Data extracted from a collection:
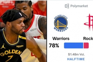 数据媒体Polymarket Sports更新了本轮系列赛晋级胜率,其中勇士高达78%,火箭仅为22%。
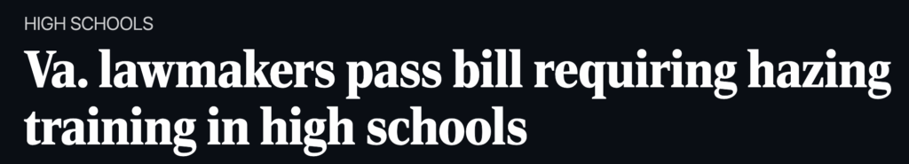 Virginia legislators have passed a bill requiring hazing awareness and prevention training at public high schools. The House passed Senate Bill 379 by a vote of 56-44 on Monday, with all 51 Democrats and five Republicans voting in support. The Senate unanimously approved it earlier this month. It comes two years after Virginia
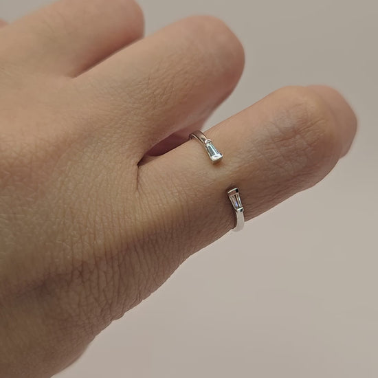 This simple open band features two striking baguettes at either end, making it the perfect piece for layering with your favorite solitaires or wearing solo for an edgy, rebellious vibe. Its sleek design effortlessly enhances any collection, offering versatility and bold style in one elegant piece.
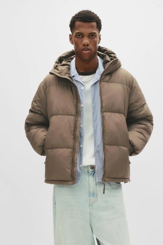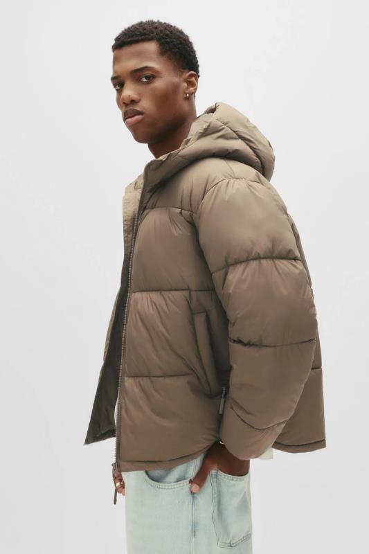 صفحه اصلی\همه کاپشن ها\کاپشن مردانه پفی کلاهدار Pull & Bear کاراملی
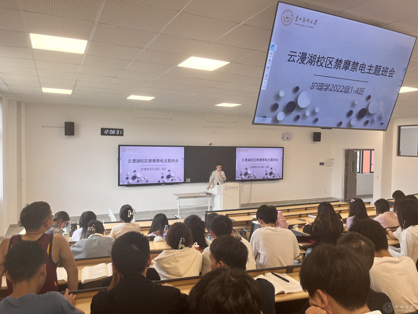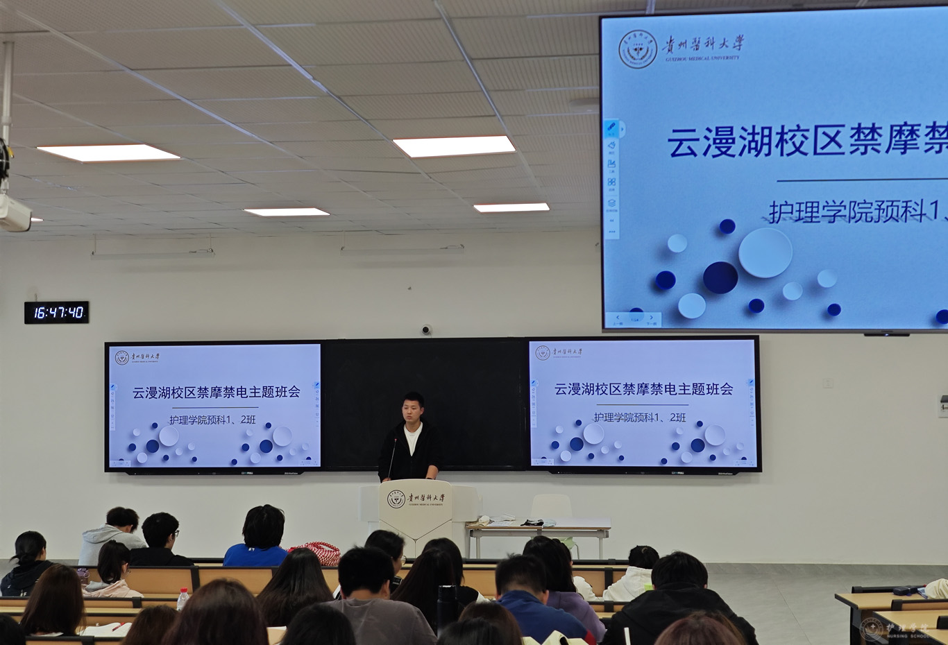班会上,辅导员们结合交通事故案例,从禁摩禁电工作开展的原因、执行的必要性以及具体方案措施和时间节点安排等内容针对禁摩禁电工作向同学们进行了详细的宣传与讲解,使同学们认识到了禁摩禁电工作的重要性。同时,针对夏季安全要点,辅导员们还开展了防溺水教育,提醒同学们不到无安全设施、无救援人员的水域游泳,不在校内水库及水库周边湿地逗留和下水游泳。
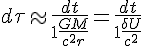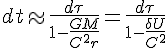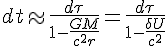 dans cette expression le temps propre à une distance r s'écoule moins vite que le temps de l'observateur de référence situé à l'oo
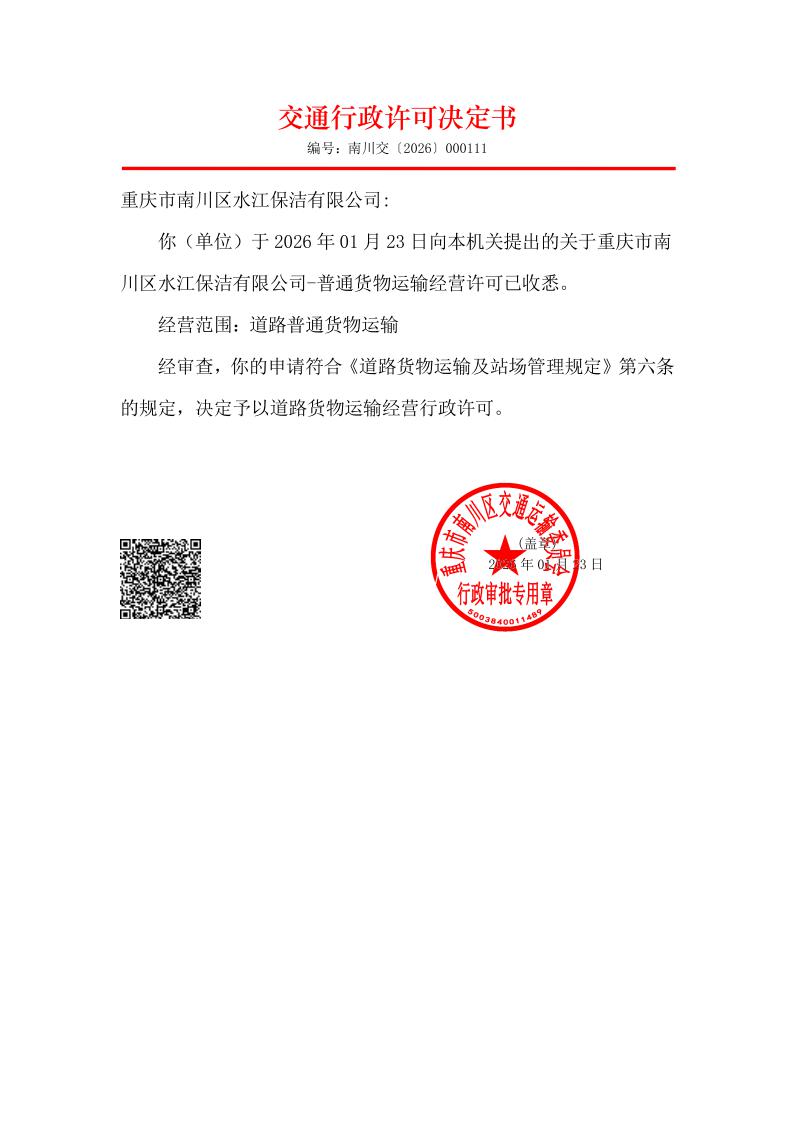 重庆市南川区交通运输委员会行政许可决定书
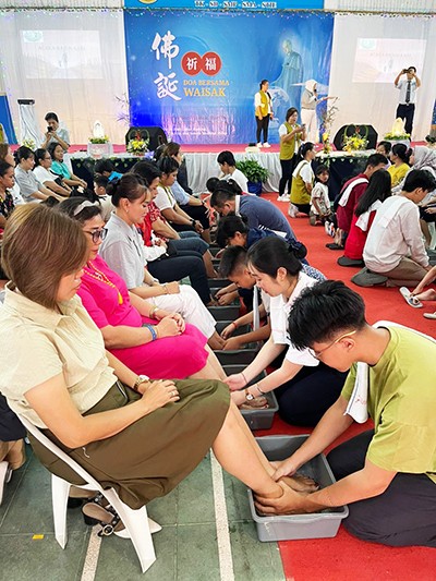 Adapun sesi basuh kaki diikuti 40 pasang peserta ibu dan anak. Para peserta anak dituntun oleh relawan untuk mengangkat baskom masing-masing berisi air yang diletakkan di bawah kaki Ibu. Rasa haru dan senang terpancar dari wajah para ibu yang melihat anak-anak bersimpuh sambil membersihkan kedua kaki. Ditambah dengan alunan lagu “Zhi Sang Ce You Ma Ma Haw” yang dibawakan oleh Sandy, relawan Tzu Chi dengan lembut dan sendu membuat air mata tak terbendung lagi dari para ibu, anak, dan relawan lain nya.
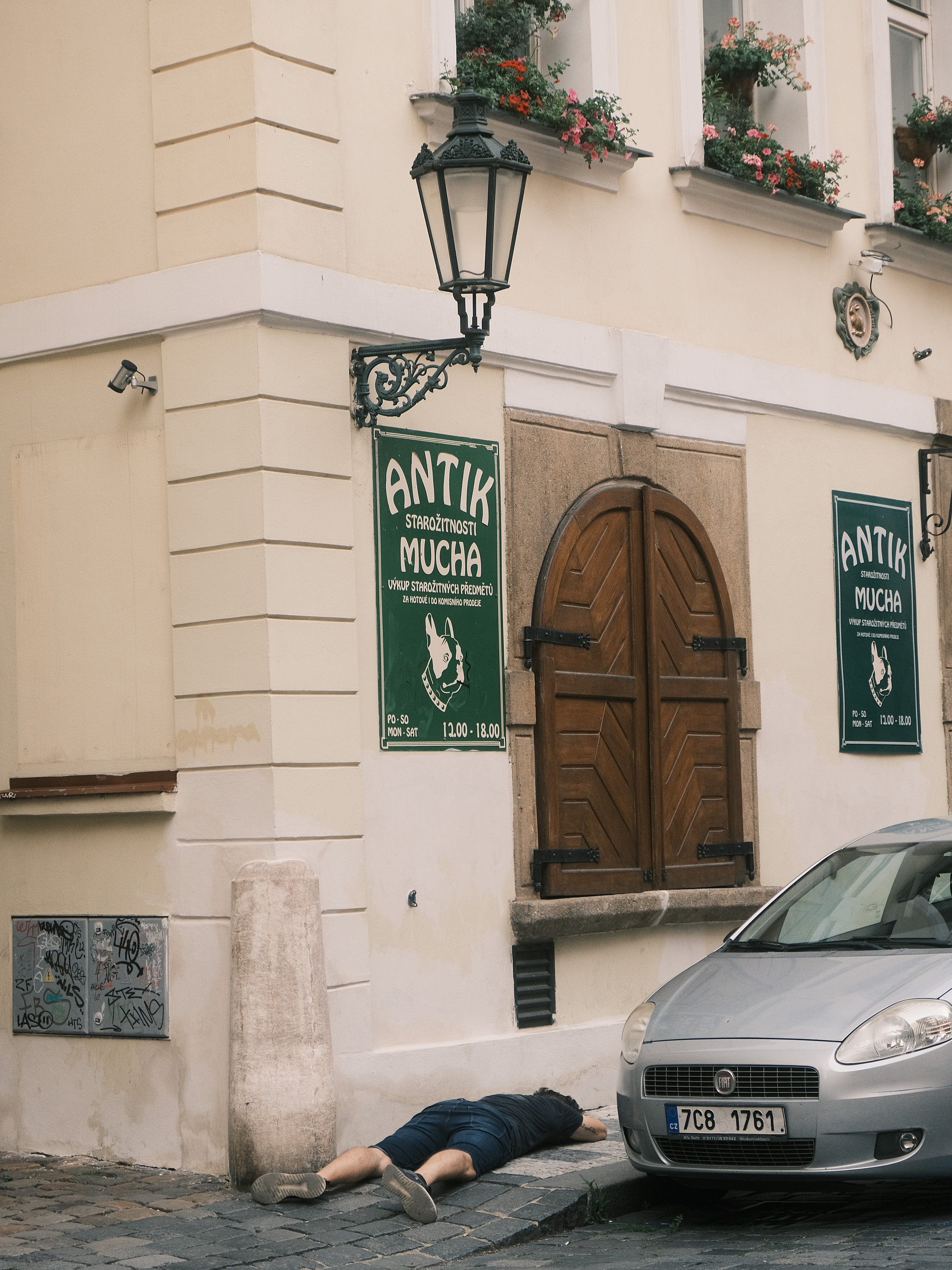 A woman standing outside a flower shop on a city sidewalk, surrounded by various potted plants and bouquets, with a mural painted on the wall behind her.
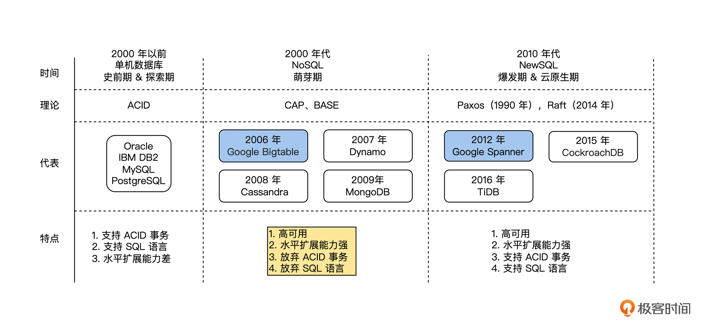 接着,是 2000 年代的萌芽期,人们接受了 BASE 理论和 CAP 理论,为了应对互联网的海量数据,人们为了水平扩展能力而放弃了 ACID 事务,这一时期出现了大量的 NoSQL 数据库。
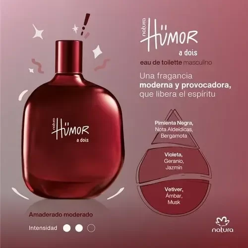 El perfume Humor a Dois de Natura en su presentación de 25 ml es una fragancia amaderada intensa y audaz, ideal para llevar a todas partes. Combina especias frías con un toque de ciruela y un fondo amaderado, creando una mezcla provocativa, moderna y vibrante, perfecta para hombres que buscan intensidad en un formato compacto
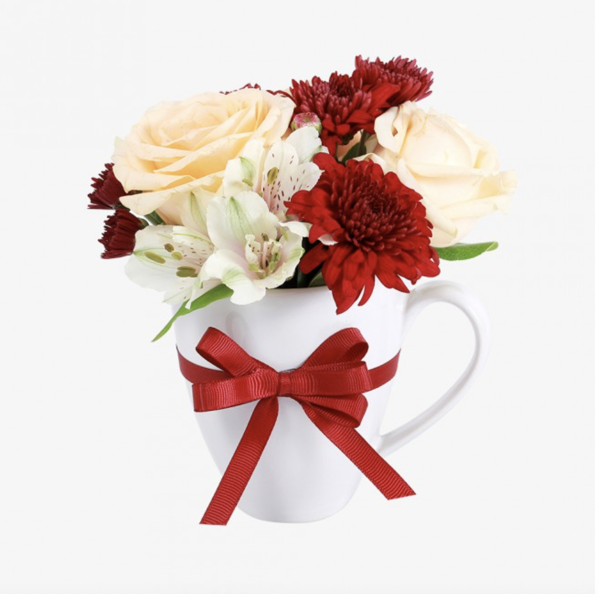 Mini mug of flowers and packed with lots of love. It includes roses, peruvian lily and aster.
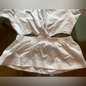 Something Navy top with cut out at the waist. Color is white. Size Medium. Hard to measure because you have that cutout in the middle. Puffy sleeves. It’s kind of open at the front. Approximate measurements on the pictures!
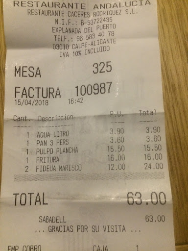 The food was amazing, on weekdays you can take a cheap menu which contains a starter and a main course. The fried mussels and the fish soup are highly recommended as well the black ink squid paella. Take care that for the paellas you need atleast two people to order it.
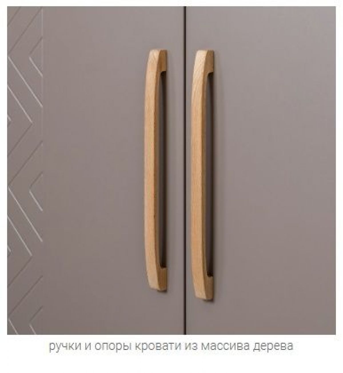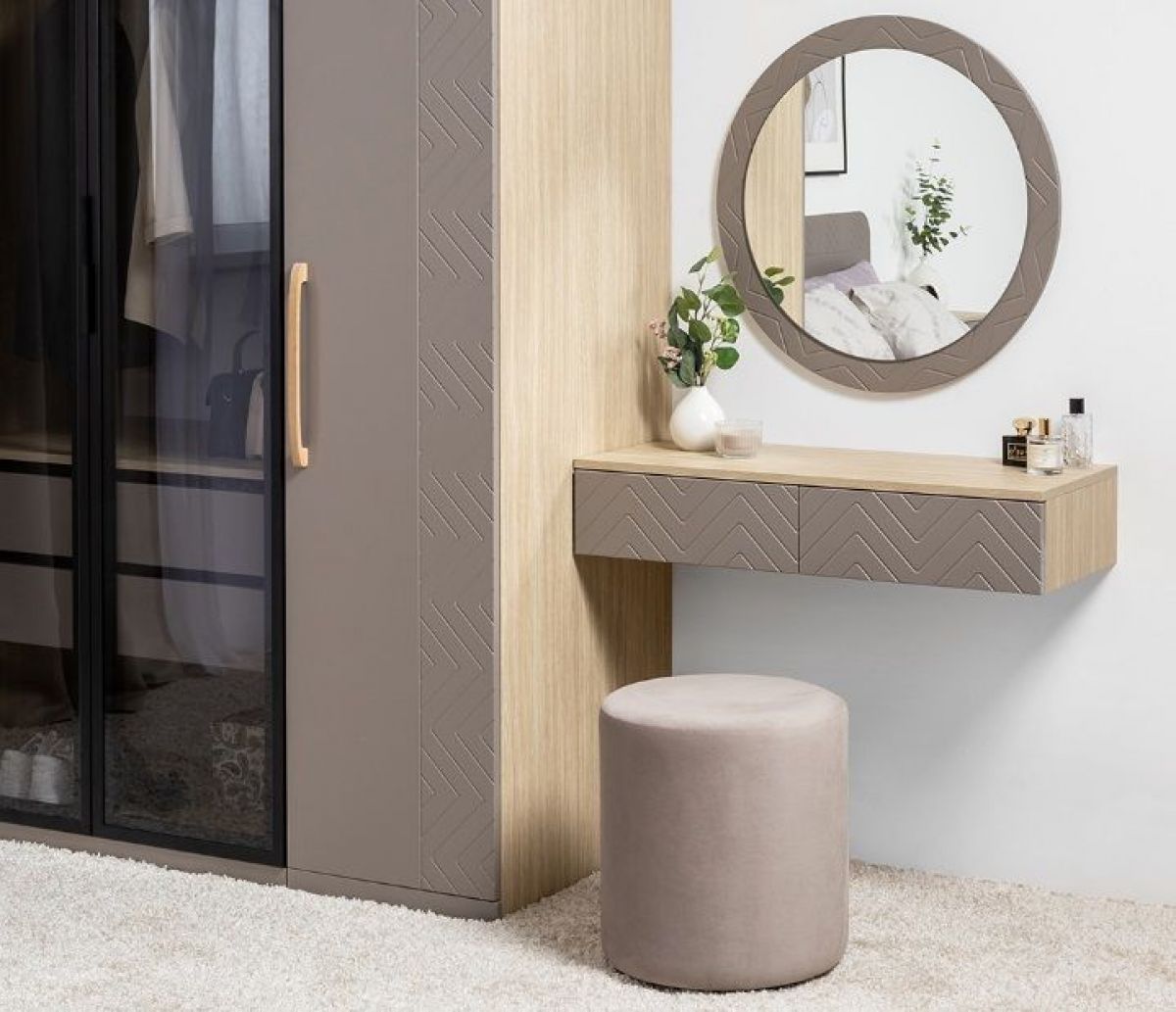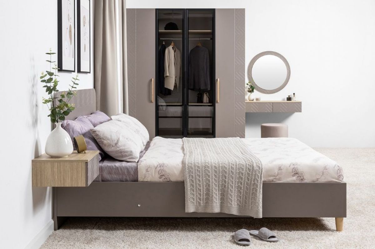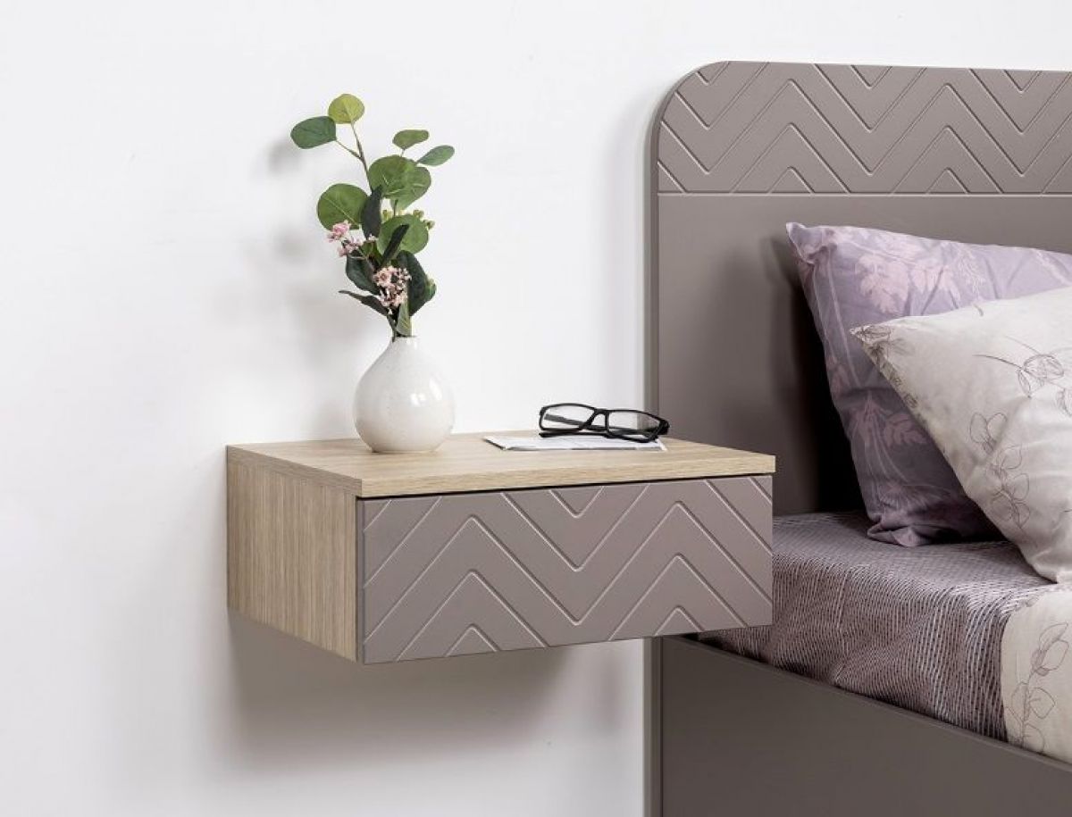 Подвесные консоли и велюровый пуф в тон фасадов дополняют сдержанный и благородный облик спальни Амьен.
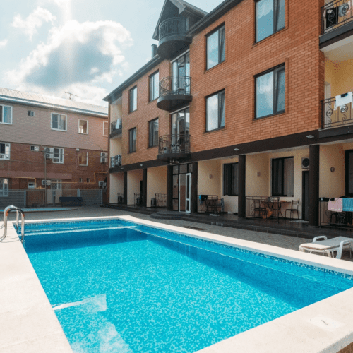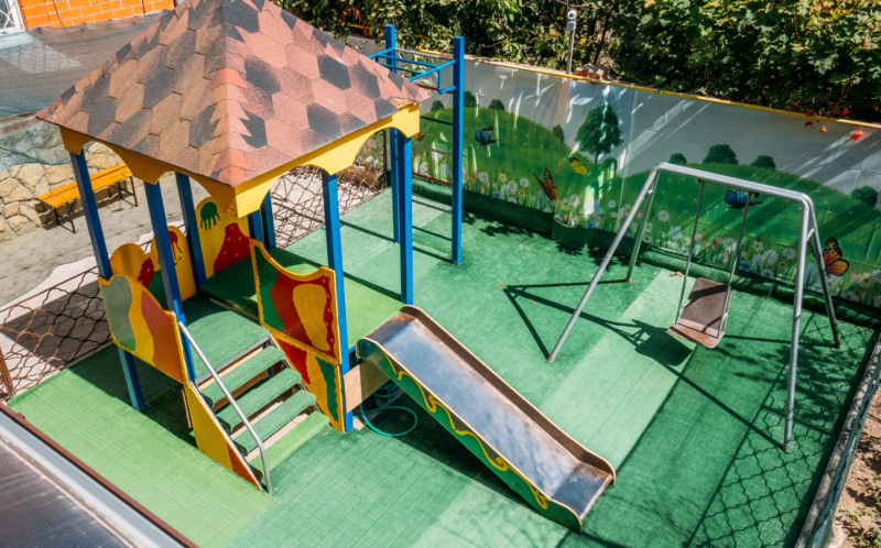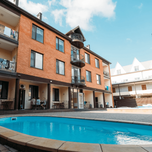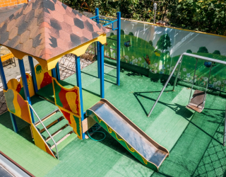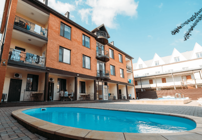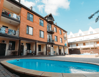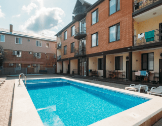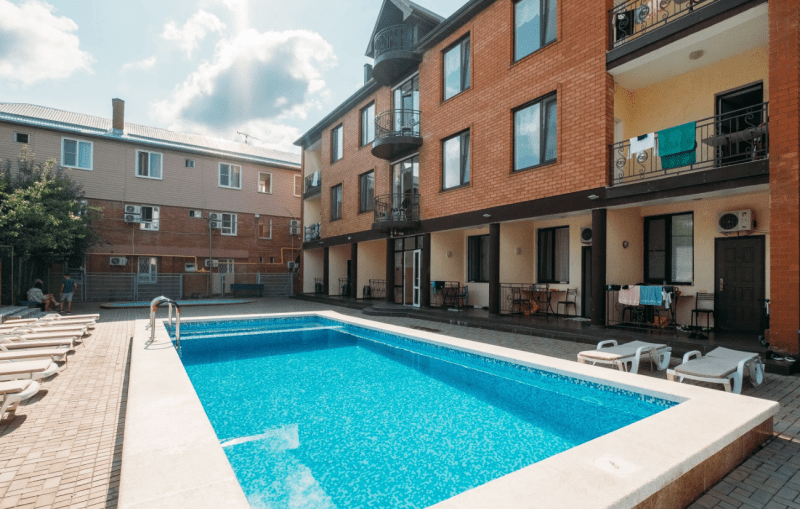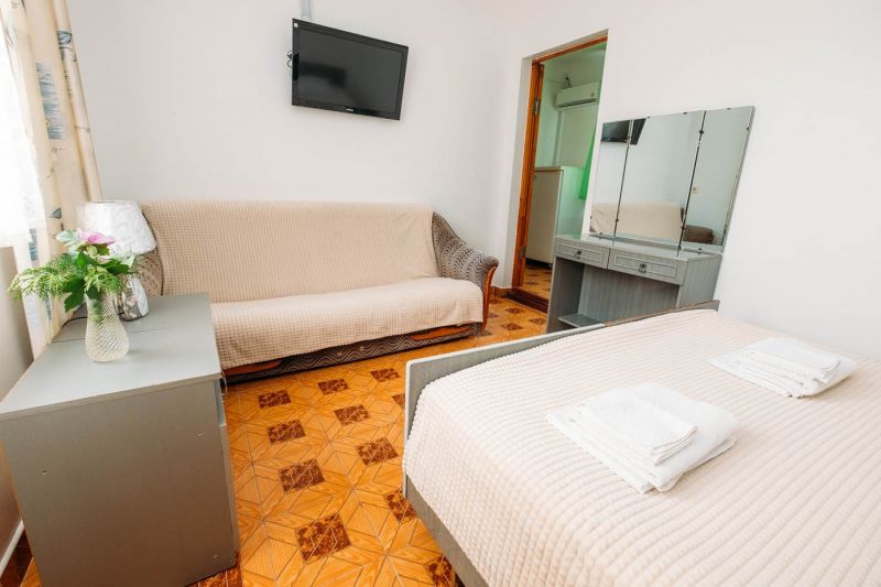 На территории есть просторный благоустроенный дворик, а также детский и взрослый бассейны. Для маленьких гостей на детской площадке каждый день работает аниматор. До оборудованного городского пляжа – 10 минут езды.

## TASK TO COMPLETE
With all pictures removed, reproduce the lines from the top of the entries above through the line containing "This simple open", exactly as written.

## ANSWER SPACE
 数据媒体Polymarket Sports更新了本轮系列赛晋级胜率,其中勇士高达78%,火箭仅为22%。
 Virginia legislators have passed a bill requiring hazing awareness and prevention training at public high schools. The House passed Senate Bill 379 by a vote of 56-44 on Monday, with all 51 Democrats and five Republicans voting in support. The Senate unanimously approved it earlier this month. It comes two years after Virginia
 This simple open band features two striking baguettes at either end, making it the perfect piece for layering with your favorite solitaires or wearing solo for an edgy, rebellious vibe. Its sleek design effortlessly enhances any collection, offering versatility and bold style in one elegant piece.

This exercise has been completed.